Investors weren't happy with earnings reported today. Goldman Sachs reported a 52 per cent drop in fourth-quarter profit because of a decline in trading revenue. Wells Fargo & Co posted a fourth-quarter profit that fell short of some analysts' estimates.
American Express said fourth-quarter net income would be less than some analysts estimated as it disclosed costs tied to job cuts in its servicing network
With financials, "I think expectations were for some better results after a fairly robust fourth quarter and start to 2011," Thomas Villalta, portfolio manager for Jones Villalta Asset Management in Austin, Texas, told Reuters.
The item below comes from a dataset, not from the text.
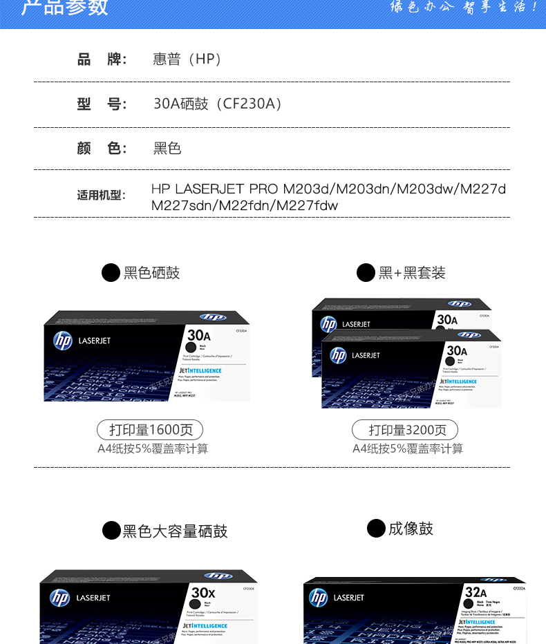 商品名称:惠普30a硒鼓m227fdw m227sdn m227fdn d m203dw dn粉盒墨盒 30a黑色碳粉盒cf230a打印机墨粉盒1600页

Villalta said he was still bullish on financials for 2011.
US housing starts fell 4.3 per cent to a 529,000 annual rate in December, the lowest since October 2009.
Investors hammered Cree Inc shares as the maker of energy-efficient lighting products forecast third-quarter profit, excluding some items, of as low as 38 US cents a share. Analysts were forecasting 58 US cents a share on average, according to a Bloomberg survey.
Good news included fourth-quarter earnings from Apple and IBM, both released after the market closed on Tuesday.
Meanwhile, the US and China reached agreement on export deals worth US$45 billion, a senior US official said today. The agreement will be announced today, as Chinese President Hu Jintao starts his state visit to US.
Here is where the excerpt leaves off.